## Task goal
Any pictures in the records below should be skipped; write out everything else exactly.

= = = = = = =

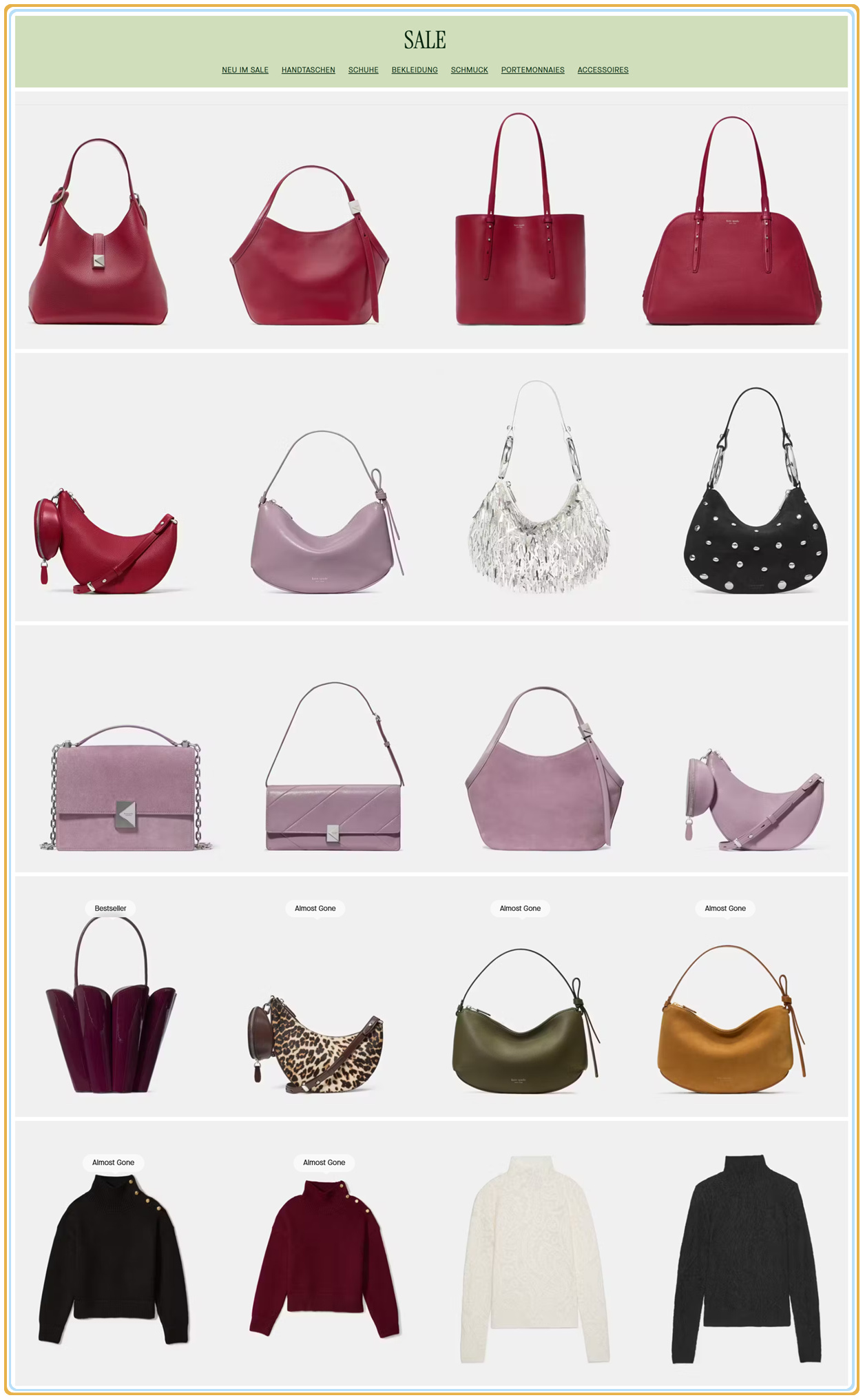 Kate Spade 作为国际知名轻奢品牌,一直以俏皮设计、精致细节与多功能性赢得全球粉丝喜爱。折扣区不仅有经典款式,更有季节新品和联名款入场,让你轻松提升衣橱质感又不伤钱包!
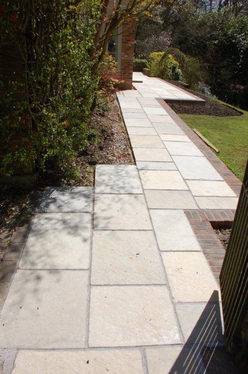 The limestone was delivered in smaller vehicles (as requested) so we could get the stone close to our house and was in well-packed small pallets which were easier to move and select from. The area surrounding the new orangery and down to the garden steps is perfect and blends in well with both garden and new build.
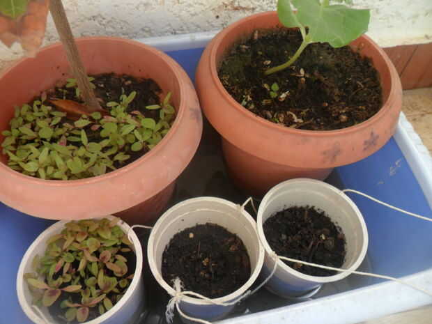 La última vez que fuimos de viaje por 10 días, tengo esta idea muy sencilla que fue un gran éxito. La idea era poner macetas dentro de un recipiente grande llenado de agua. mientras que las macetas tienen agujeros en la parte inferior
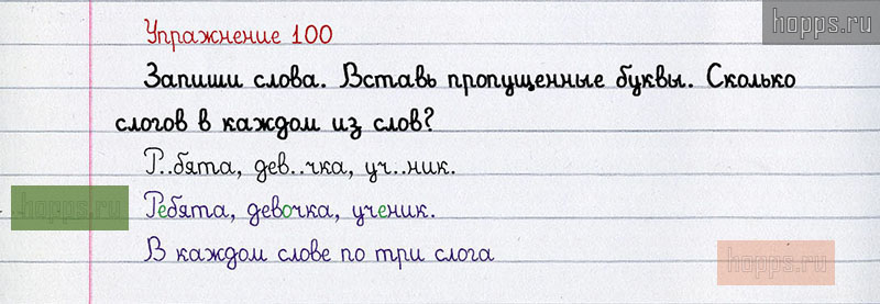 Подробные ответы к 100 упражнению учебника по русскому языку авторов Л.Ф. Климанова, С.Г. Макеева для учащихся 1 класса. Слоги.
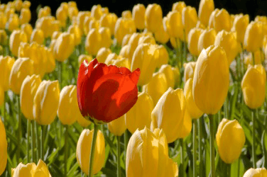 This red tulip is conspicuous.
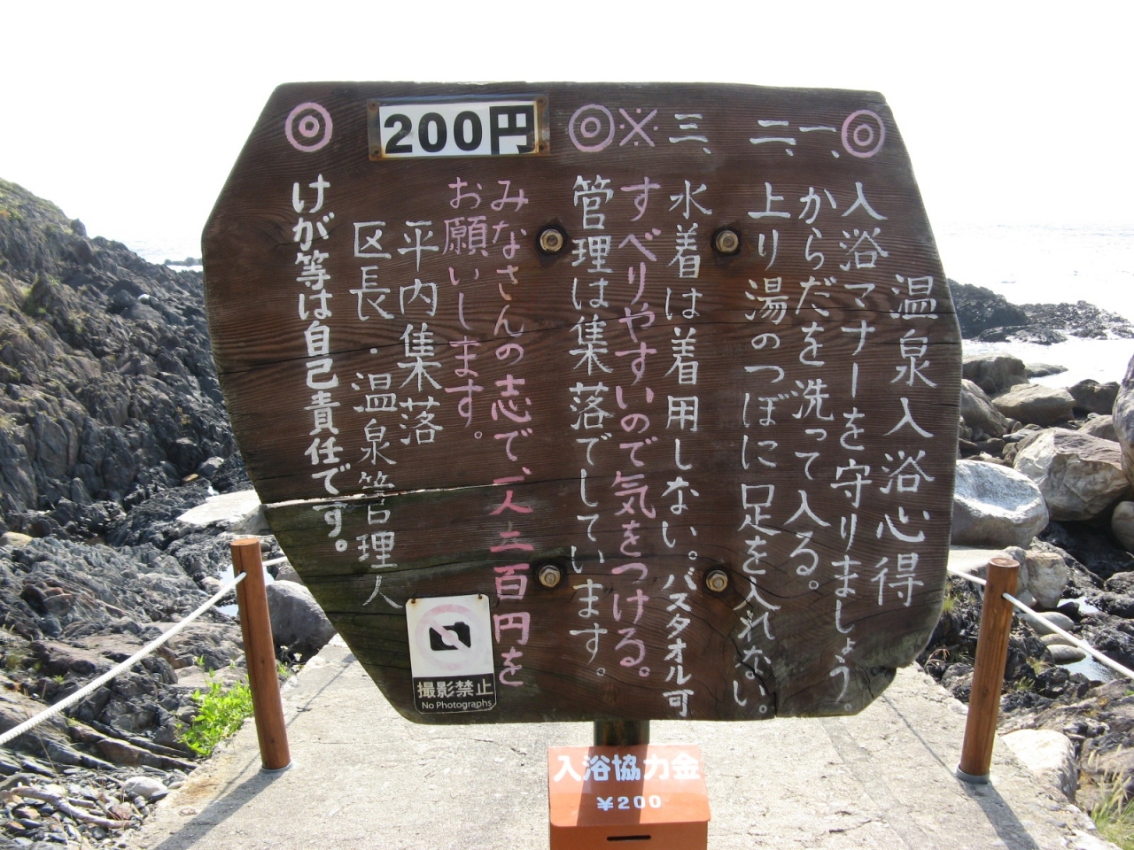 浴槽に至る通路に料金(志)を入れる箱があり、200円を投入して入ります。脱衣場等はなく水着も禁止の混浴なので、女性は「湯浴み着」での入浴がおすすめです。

= = = = = = =

## Solution
 Kate Spade 作为国际知名轻奢品牌,一直以俏皮设计、精致细节与多功能性赢得全球粉丝喜爱。折扣区不仅有经典款式,更有季节新品和联名款入场,让你轻松提升衣橱质感又不伤钱包!
 The limestone was delivered in smaller vehicles (as requested) so we could get the stone close to our house and was in well-packed small pallets which were easier to move and select from. The area surrounding the new orangery and down to the garden steps is perfect and blends in well with both garden and new build.
 La última vez que fuimos de viaje por 10 días, tengo esta idea muy sencilla que fue un gran éxito. La idea era poner macetas dentro de un recipiente grande llenado de agua. mientras que las macetas tienen agujeros en la parte inferior
 Подробные ответы к 100 упражнению учебника по русскому языку авторов Л.Ф. Климанова, С.Г. Макеева для учащихся 1 класса. Слоги.
 This red tulip is conspicuous.
 浴槽に至る通路に料金(志)を入れる箱があり、200円を投入して入ります。脱衣場等はなく水着も禁止の混浴なので、女性は「湯浴み着」での入浴がおすすめです。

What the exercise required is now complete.